Can anyone help me understand why aggr's work
without the switch
having any knowledge of the configuration on the
system? Does this
present problems that I haven't yet encountered or
perhaps simply
don't know to look for? Given that we're using
Dell PowerConect
switches which limit aggr groups to 8 even on a 48
port switch I'm
inclined to leave the setup alone unless I find a
good reason to
stop aggregating in this way. Inquiring minds want
to know.
It appears to be working, but there might be side effects which are
not obviously visible but can bite later. Let me try to describe
what happens in this case and these possible problems:
When LACP is turned off, Solaris assumes that a port is part of the
aggregation as soon as its link is up and its link speed and
duplex status compatible with the other ports of the aggregation.

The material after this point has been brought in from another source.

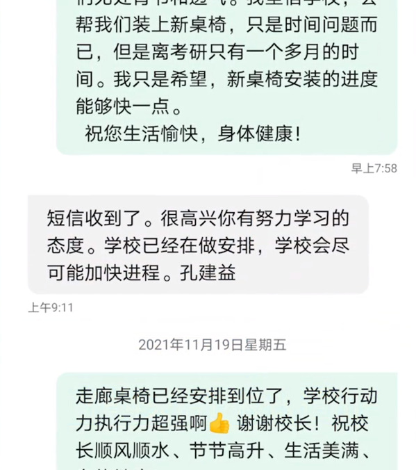 2023年4月,该校又开通校情民意反馈平台“校长直通车”,要求各事项承办单位对学生留言4小时内必回复。

Packets will be sent through the members of the aggregation
according to the configured outbound port policy. The switch will
receive these packets. Unicast packets will be delivered by the
switch, but a first problem is that broadcast packets sent by one
of the constituent of the aggregation will be sent by the switch to
the other members of the aggregation. This will cause unexpected
broadcast packets to be received by the host, which can cause
problems such as these to show up in your logs:
Feb 16 15:01:00 host ip: [ID 903730 kern.warning] WARNING: IP:
Hardware address 'xx:xx:xx:xx:xx:xx' trying to be our address
yyy.yyy.yyy.yyy!
On the path to the Solaris host, the misconfigured switch doesn't
know that the ports connected to the host are aggregated. However
the switch saw packets with a source address corresponding to the
aggregation MAC address coming from these ports. So the switch
will pick one of these ports to send packets to the host. Even
though packets appear to be flowing, it can be problematic since
(a) duplicate broadcast packets will be sent to the host, (b)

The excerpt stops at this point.